I have had the opportunity to work for a number of different software companies each of which has localized their product into different languages. These opportunities have led to me experience a number of different processes around localization, and a great deal of pain surrounding the whole issue. Localization sucks. However, I don’t believe that it has to suck, and I think there are processes that if put in place can make this a relatively painless process.
I believe the biggest problem area that I have seen in localization is the interweaving of responsibilities. Let me describe the process from one company I have worked for. The developers create their resources in an english-only version, and the sources for these resources are checked into the source control. Then at some predetermined point, a developer packages up all the resource source files and sends them off to the localization team. They have some database which strings are loaded into, translated (often by an third party), and then new source files are generated for the various languages. The source files are then sent back to the developers who have to check them in and test them to make sure that they compile. Net result: days of turnaround time for even trivial localization changes, and hours of wasted time.

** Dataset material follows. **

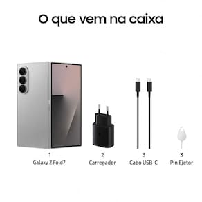Celular Samsung Galaxy Z Fold7 com tela dobrável de 8.0" AMOLED Dinâmico 2x (Aberto) e 6.5" AMOLED Dinâmico (Fechado), 512GB, 12GB de RAM, Câmera Tripla Traseira de 200MP (Dual Pixel, OIS) + 12MP (Ultra Wide) + 10MP (Telefoto, OIS) Frontal de 10MP (Aberto), Frontal de 10MP (Dual Pixel) (Fechado), Bateria de 4400mAh com carregamento super-rápido de 25W, Dual Chip, Android 16 Chegou o lançamento que vai revolucionar o mercado. Samsung apresenta o Novo Galaxy Z Fold7, é o smartphone mais fino e mais leve do que nunca, projetado para multitarefa e melhor experiência de visualização, desdobre sua produtividade. Redesenhado para ser o Fold mais fino e leve já feito. O Z Fold7 conta com um novo design inovador, fino e leve que torna o uso do dia a dia mais confortável. Tamanho da tela otimizado, sendo sua tela principal de 8,0" e tela externa de 6.5". Tela maior para facilitar a digitação e utilização mais confortável. Dobre para ter o tamanho de um celular e abra para ter uma tela ampla semelhante a um tablet. Sincronize os conteúdos da tela principal para tela externa. Produtividade maximizada com tela dividida em um display maior. Com a câmera de alta resolução de 200 MP, o Z Fold7 permite que você capture momentos únicos em todas as condições de iluminação. Desfrute da edição em uma tela maior, detalhe nítido em cada clique: clareza equivalente à do Galaxy S25 Ultra em cada imagem fotografada. O primeiro Galaxy Z Fold com o Modo Macro com foco automático, trazendo fotos nítidas à qualquer distância. Fotos 56% mais brilhantes, em comparação ao Z Fold6. Abra o Galaxy Z Fold7 para mostrar para quem está sendo fotografado exatamente como você está vendo no visor. Com a Câmera frontal com ângulo maior de 10MP permite que você capture selfies em grupo, impecáveis com um campo de visão maior. Tenha visão mais ampla com detalhes mais nítidos. Não vamos esquecer dos vídeos: o Galaxy Z Fold7 permite que você faça vídeos mais nítidos com menos ruído, dia ou noite com o ProVisual Engine de última geração. Vídeos noturnos mais vívidos e com mais detalhes com Nightography aprimorado. Processador exclusivo Galaxy, personalizado para o melhor desempenho, Qualcomm Snapdragon® 8 Elite for Galaxy (3 nm). O Galaxy Z Fold7 te acompanha em todos os momentos com bateria para o dia todo de 4.400 mAh. Suporta o carregamento super-rápido de até 25W, sendo assim você não precisa passar muito tempo ao lado da tomada. O Gemini e Gemini Live, ferramentas de AI do Google, estão presentes no seu Galaxy Z Fold7. Com a ação integrada entra aplicativos, você pode fazer múltiplas tarefas sem trocar de aplicativos. Você também pode ter uma visualização dividida para insights mais profundos e detalhados. O Gemini Live conta com os recursos: - Gemini Live com câmera: aponte sua câmera para qualquer coisa e converse naturalmente para ter respostas instantâneas sobre o que está sendo capturado. - Gemini Live com compartilhamento de tela: compartilhe o que você tem na tela e tenha ajuda imediatamente. Agora com a nova One UI 8.0, permite você receba sugestões em tempo real com base no conteúdo na tela. Interface atualizada da tela de bloqueio, inicial e aplicativos. Experiência de uso otimizada para criação, anotação e multitarefa para aumentar a produtividade. Tenha uma Experiência Galaxy mais segura e atualizada com o seu aparelho. O Galaxy Z Fold7 assegura até 7 atualizações de sistema operacional Android e até 7 anos de atualizações de Segurança. Fora isso, a sua proteção é aprimorada com Samsung Knox, garantindo que dados confidenciais e sigilosos permaneçam seguros, e com Cadeado Galaxy, protegendo os seus dados e acessos a aplicativos por terceiros.

The root issue here is that you have developers who are involved in localization, which is not their primary responsibility, and localizers who are involved in development (by producing source files that have to be compiled). I think that we can resolve these issues and streamline the process by simply separating the functions more distinctly.
First, we need to have a method whereby localization can take place during the build process without any intervention. My first thoughts here are that we could create a program that is part of the build system that localizes an english source file into another language source file. The data that this program would consume is a translation database that would be checked into the source control system. The localization team is responsible simply for checking in a new copy of the database when they have updates. This system is a good improvement on the original, but it still leaves the problem that the files have to be compiled after the localization process changes them. One wrong string (with a misplaced quote character, etc.) and the build fails.
A better way to solve this problem is that the build system builds the initial binaries. Then the localization program is pointed at the binary file containing english resources. It edits this binary file and produces a copy of it with updated resources. In this way, we have isolated the localization process from the development process as much as possible.
The program that is responsible for performing the localization of binaries should also produce as part of its output a file that shows what resources are new or updated. This resources need further localization work. There needs now to be a tool that the localizers use to edit the localization database. It should be able to consume this build output product to import the new strings into their database. In this way the localizers never have to deal directly with the product. They only deal with the inputs to a tool that they own, and the outputs from a tool that they own.
Another side improvement to the general localization process is how to do a large degree of localization before any translation takes place. This process is what I have heard referred to as “pseudo-localization”. The localizing tool should be capable of producing a “pseudo-localized” binary, that does not have ANY real strings. Rather, it should take all existing string resources, generate enough gibberish to pad the value and make it long enough to simulate a translated string. (Usually strings grow by something like 30% or so when translated to certain languages.) The product can then be installed and tested with these pseudo-localized strings to find spacing issues, etc. long before any translation work is done.